_RECORDS TO PROCESS_:
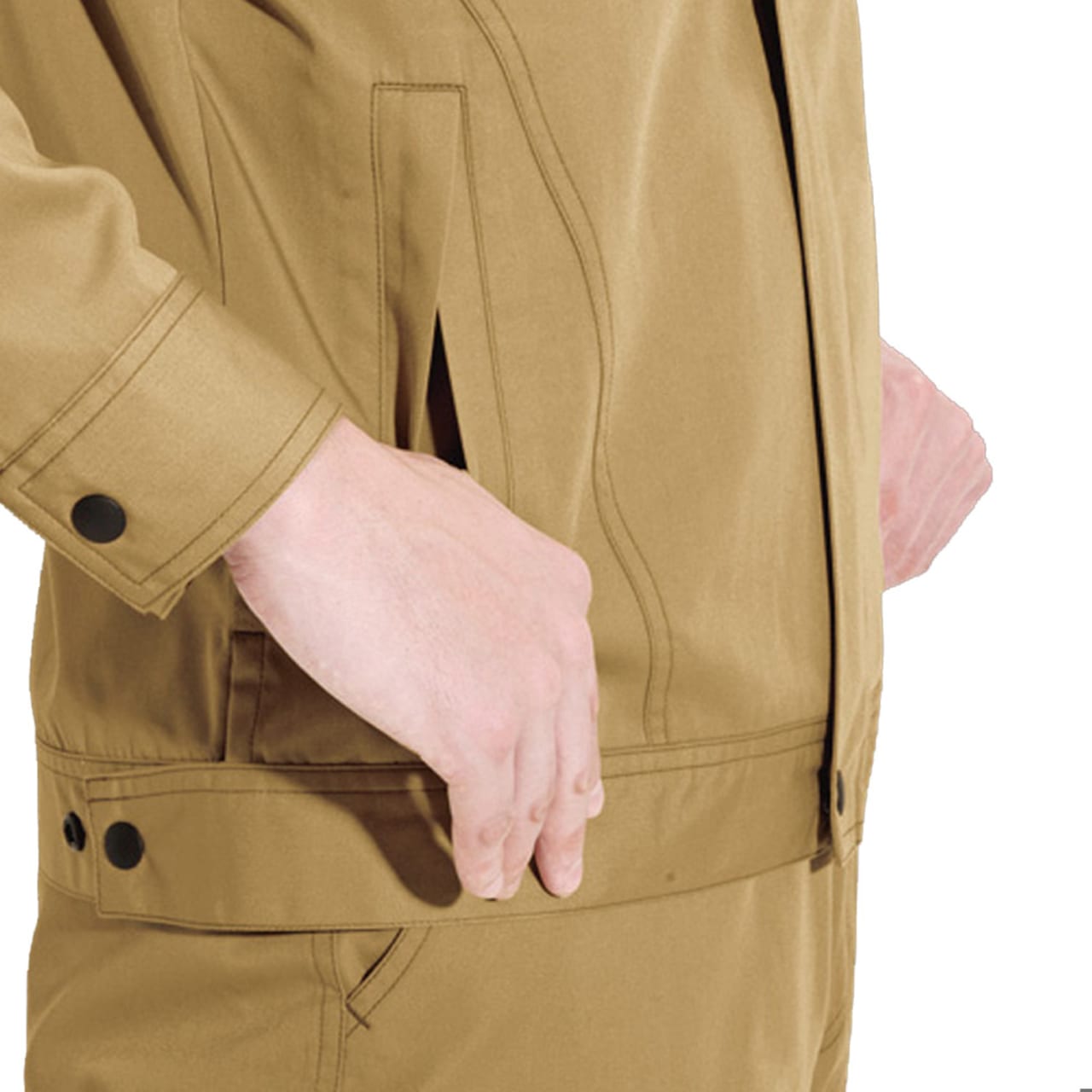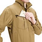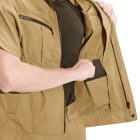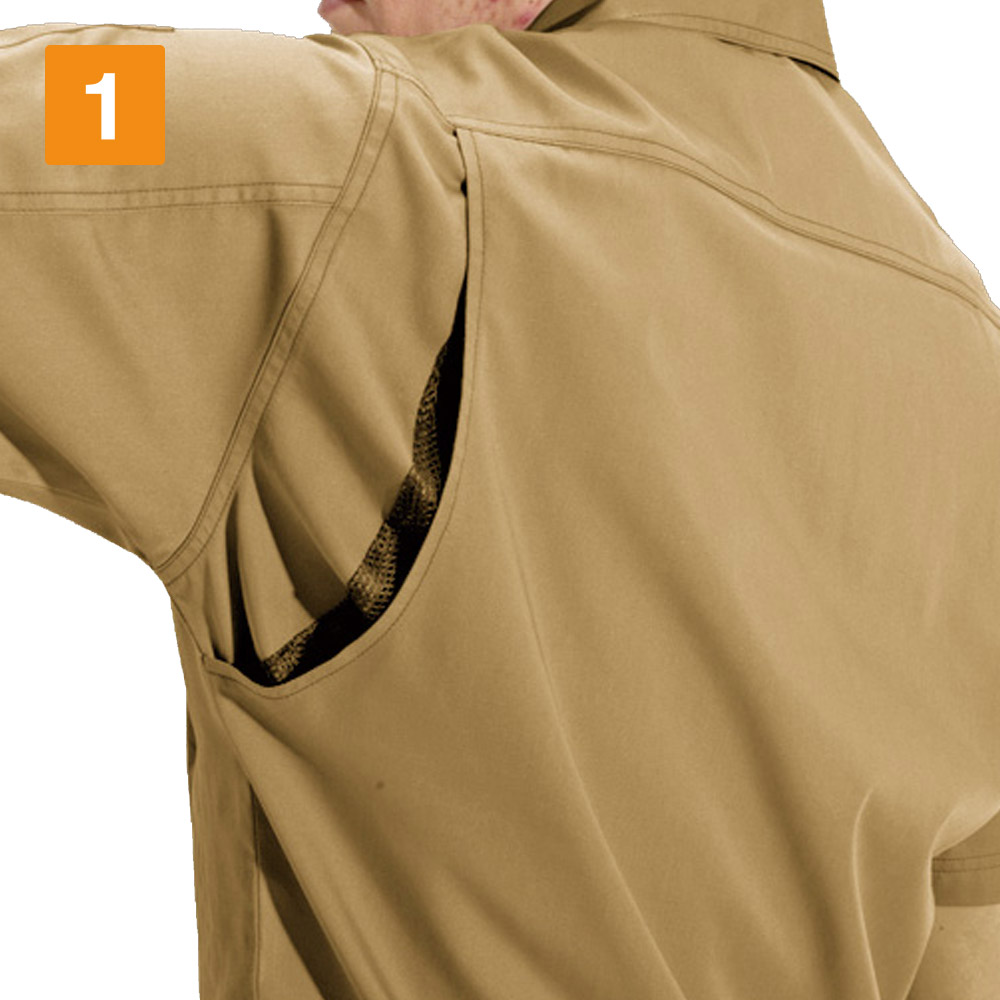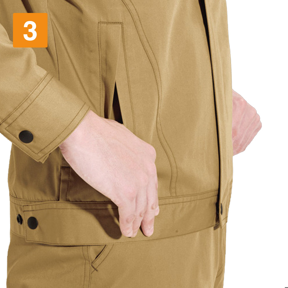 半袖とコンパクトなシルエットがカッコよくまとまったジャケットです。今日は実際に着用して、そのシルエットからは想像のつかない抜群の動きやすさを体感してみました。背中に施されたアームノーフォークで、上半身の動きはとてもスムーズ。肩まわりの可動域に制限がないので、前屈や腕の上げ下げといった動きにストレスを感じません。またスタッフ内で好評だったのは、そのオシャレなディテール。ポケットフラップの形状やそれに沿ったロゴ、裾のワンポイントボタンなど、全体を引き締めるアクセントがワンランク上の一着にしてくれています。
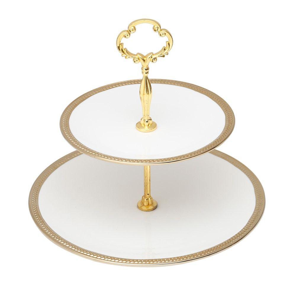 Porta Doces De Porcelana 2 Andares Paddy Branco E Dourado 19/27 X 24 Cm Wolff
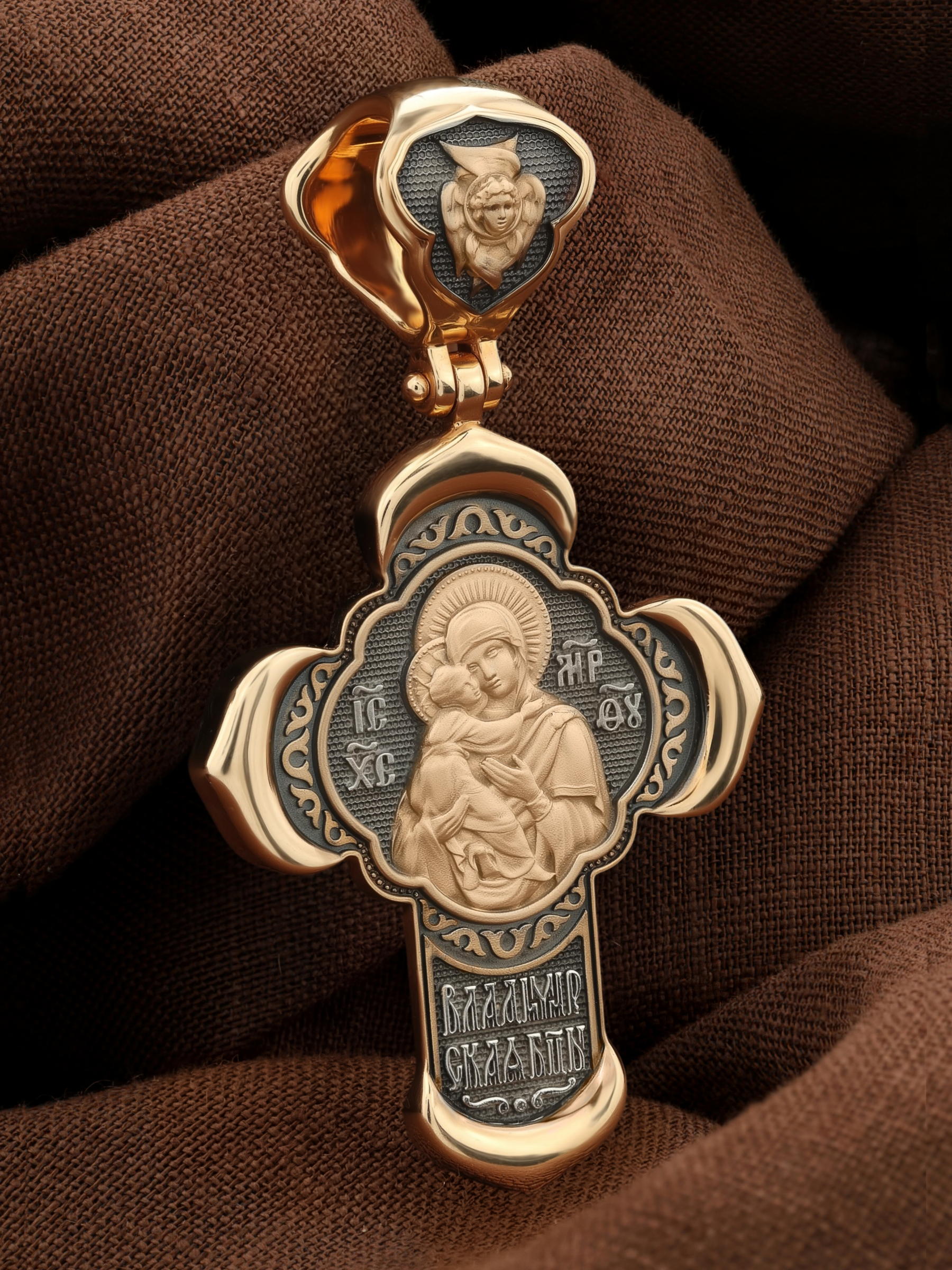 В центре оборотной стороне креста помещен образ Владимирской иконы Божией Матери — один из самых чтимых святынь Русской православной церкви. По преданию, икона была написана Святым апостолом и евангелистом Лукой во время земной жизни Богородицы. Икона Владимирской Божией Матери вплоть до V века находилась в Иерусалиме, затем была перевезена в Византию. На Русь икона была привезена в 1131 г. За прошедшие столетия святыня неоднократно переезжала из Владимира в Москву и обратно, не раз спасая страну от захватчиков. Русская Православная Церковь установила троекратное празднование Владимирской иконе Божией Матери. Каждый из дней празднования связан с избавлением русского народа от порабощения иноплеменниками по молитвам ко Пресвятой Богородице
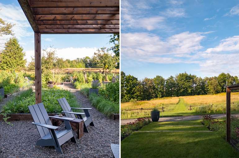Le potager est délimité par une clôture en cèdre massif au fini brut, reliée à la ferme par une pergola en cèdre massif, se fondant avec le bardeau de cèdre du revêtement.
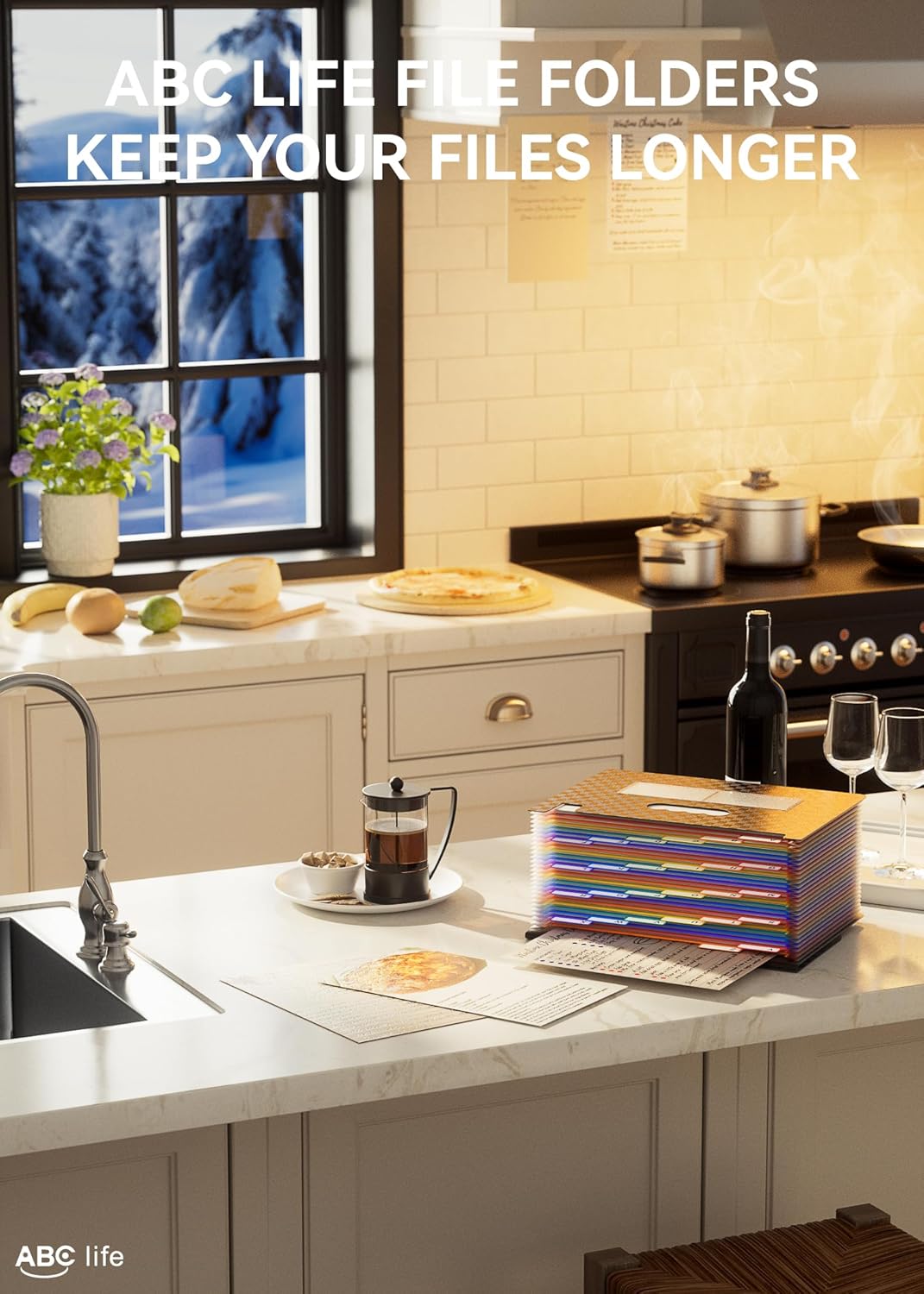 - ✅【26 POCKETS MONTHLY FILE ORGANIZER】ABC life 26 pockets Accordian File Organizer suitable for filing tax and storing important family documents. Product size is 13 "x 9.4"x 28", which can be used to store plenty of Letter/A4 size files.
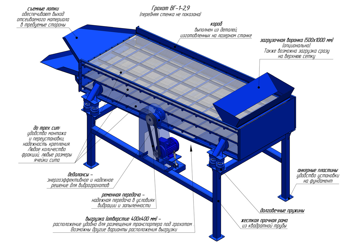 Виброгрохоты могут производится для рассева на нужное количество фракций с требуемой производительностью. Также может быть спроектирована автоподача и взвешивание компонентов.
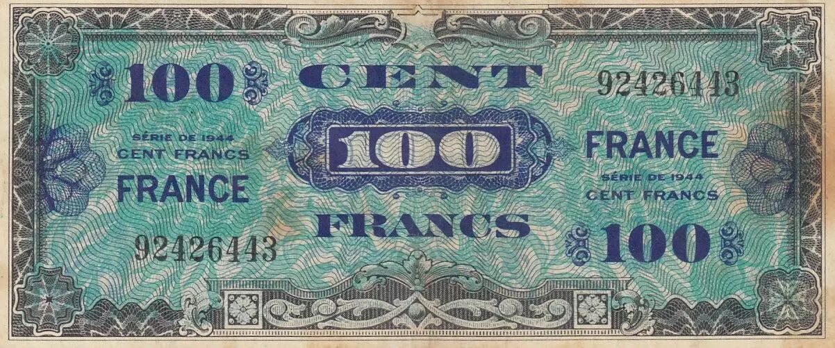 Billet France 100 Francs - Impr. américaine (drapeau) - 1944 - Sans série - Num 92426443
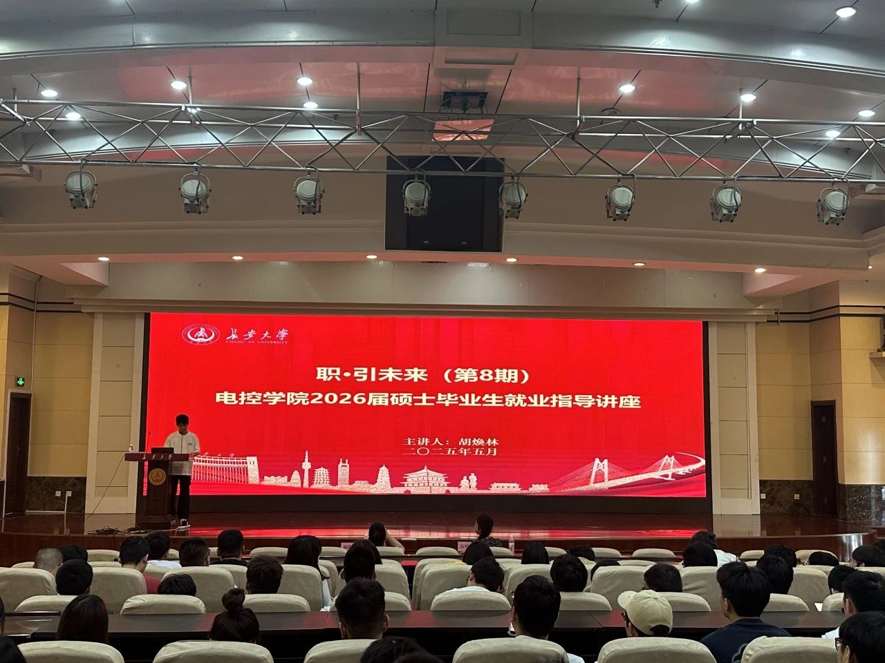 为贯彻落实教育部及陕西省教育厅关于推进就业育人,加强毕业生就业指导教育的精神,切实提高2026届硕士毕业生就业求职能力,5月27日下午,伟德国际1946源于英国在南校区北院学术交流中心报告厅组织开展了“职·引未来”(第8期)——2026届硕士毕业生就业指导讲座。本次活动特别邀请了法士特研究院综合管理室主任胡煥林做讲座,学院党委副书记高婷婷及2026届全体硕士研究生参加,讲座由研究生辅导员王佩佩主持。
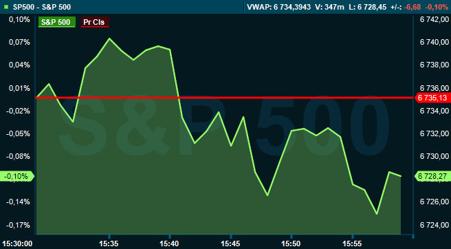 Vid 15.55-tiden var Dow Jones industriindex upp 0,1 procent till 46.748, medan breda S&P 500 var ned 0,1 procent till 6.728. Tekniktunga Nasdaq Composite sjönk 0,3 procent till 22.919.
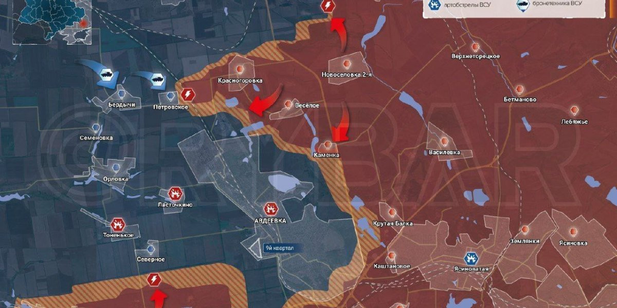 - Севернее Авдеевки российские войска продолжают вести позиционные бои в лесном массиве возле Новобахмутовки.
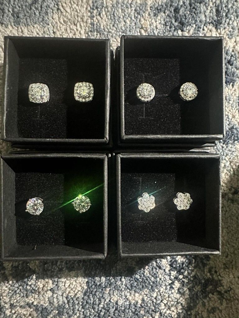 BRAND NEW VVSI Moissanite Earrings! <Pass Diamond Tester> *Comes with box, Certification Papers, & Certification card! *Screw back *The earring metal is 925 silver (sterling silver) *VVSI *The price is for the smaller sizes... these come in an assortment of sizes *Will pass diamond tester! (I will bring a diamond tester with to show you) - i also have diamond testers for purchase as well *Comes in nice Box, Extra $5 for a Velvet box *FREE polishing cloth *You have to remind me at pickup PICKUP ONLY *All meet-ups done at the police station (dont message me if youre not willing to come! ) *ANY QUESTIONS PLEASE FEEL FREE TO ASK side note: I have a lot of other earrings available. I am a real jeweler, and I have a website that you can check out and see what else I have available. (If you see something you like on there you can also inqure on this posting). You can also directly reach me via phone What Are Moissanites? Moissanites are lab-created gemstones renowned for their brilliance, fire, and durability, often used as diamond alternatives. They offer similar sparkle to diamonds but at a fraction of the cost. While diamonds are natural gemstones formed within the Earth, moissanites are synthesized in controlled laboratory environments. Both have unique qualities
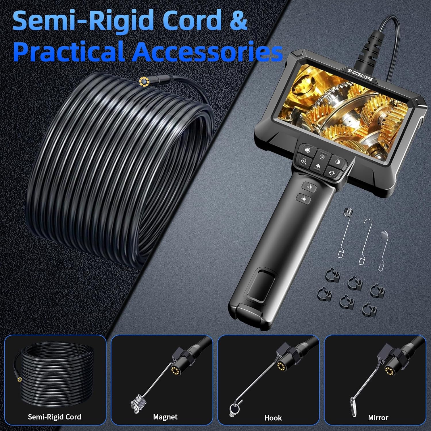 - Cable de 16.5 pies y endoscopio de alta calidad: el cable semirrígido de 16.5 pies es desmontable y flexible, lo que permite una fácil navegación en espacios estrechos y lo hace versátil para diferentes aplicaciones. IP67 impermeable y a prueba de polvo, el boroscopio de mano es adecuado para su uso en condiciones duras y húmedas. El diseño de agarre ergonómico y el peso ligero del endoscopio permiten el funcionamiento con una sola mano.
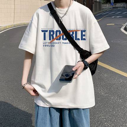 男生短袖t恤潮牌夏季设计感小众潮流ins正肩百搭纯棉宽松衣服体恤
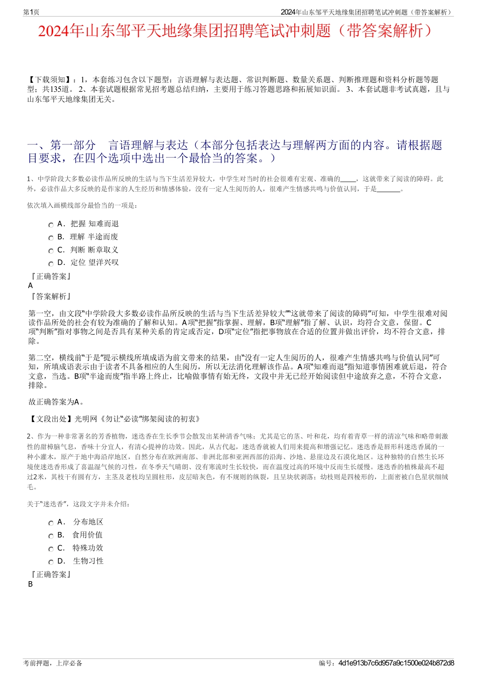 2024年山东邹平天地缘集团招聘笔试冲刺题(带答案解析)【下载须知】:1,本套练习包含以下题型:言语理解与表达题、常识判断题、数量关系...
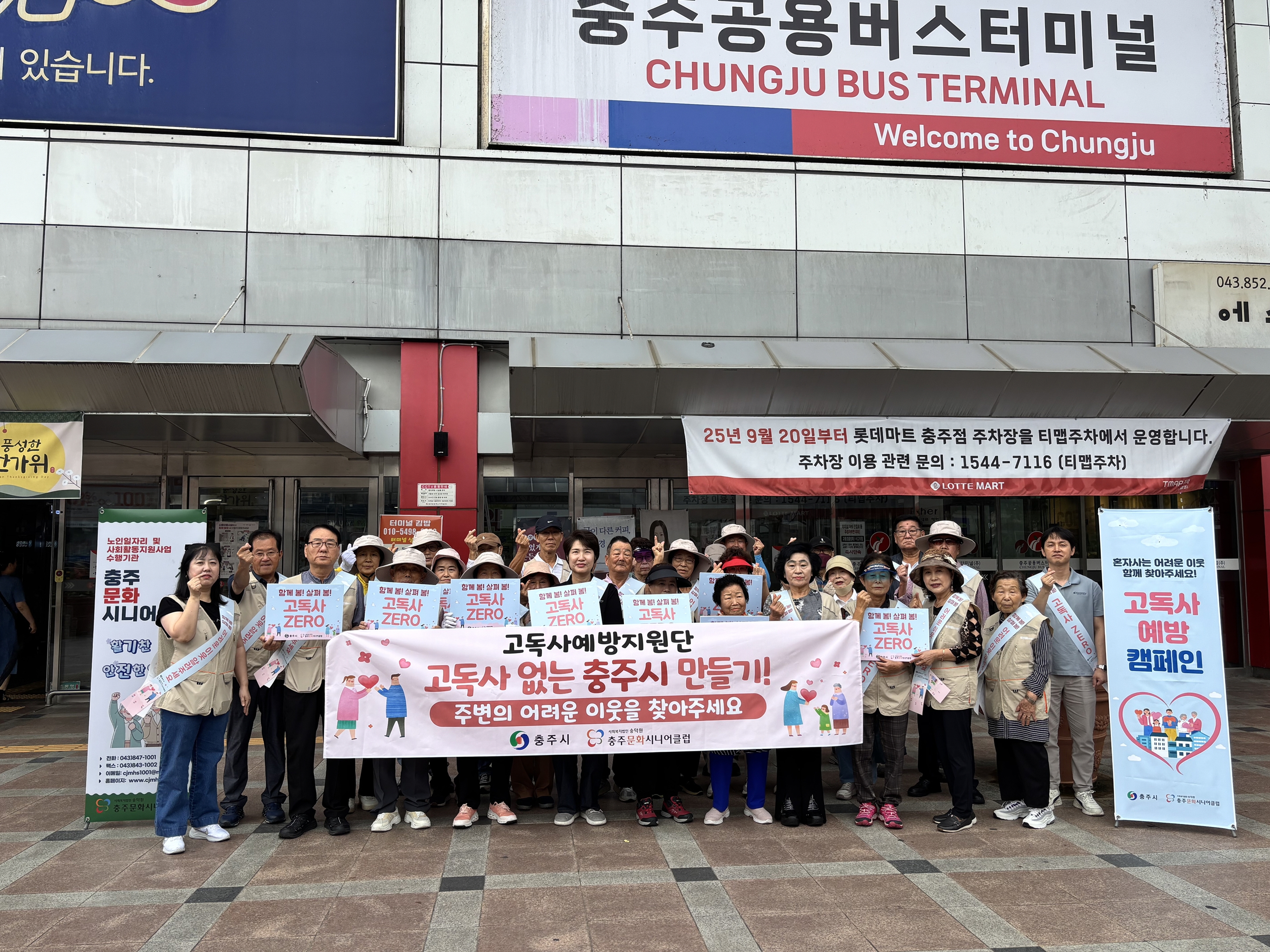 충주문화시니어클럽(관장 박보경)은 19일 충주시 칠금동 롯데마트 앞에서 고독사 예방 및 사회적 고립가구 발굴을 위한 거리 홍보 캠페인을 진행했다.
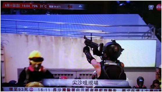 同日晚间,非法示威者在尖沙咀警署外集结数小时,有网友爆料称有人使用改装后的仿真枪械向警署内发射催泪弹。在反对派的社交媒体群组中,有人称上述枪械是改造后具有更大威力的武器。

_TASK_:
In the data above, find the line containing "В центре оборотной" and the line containing "Le potager est". Copy exactly the stretch from the first through the second, both included, leaving out any picture.

_SOLUTION TO THIS PROBLEM_:
 В центре оборотной стороне креста помещен образ Владимирской иконы Божией Матери — один из самых чтимых святынь Русской православной церкви. По преданию, икона была написана Святым апостолом и евангелистом Лукой во время земной жизни Богородицы. Икона Владимирской Божией Матери вплоть до V века находилась в Иерусалиме, затем была перевезена в Византию. На Русь икона была привезена в 1131 г. За прошедшие столетия святыня неоднократно переезжала из Владимира в Москву и обратно, не раз спасая страну от захватчиков. Русская Православная Церковь установила троекратное празднование Владимирской иконе Божией Матери. Каждый из дней празднования связан с избавлением русского народа от порабощения иноплеменниками по молитвам ко Пресвятой Богородице
Le potager est délimité par une clôture en cèdre massif au fini brut, reliée à la ferme par une pergola en cèdre massif, se fondant avec le bardeau de cèdre du revêtement.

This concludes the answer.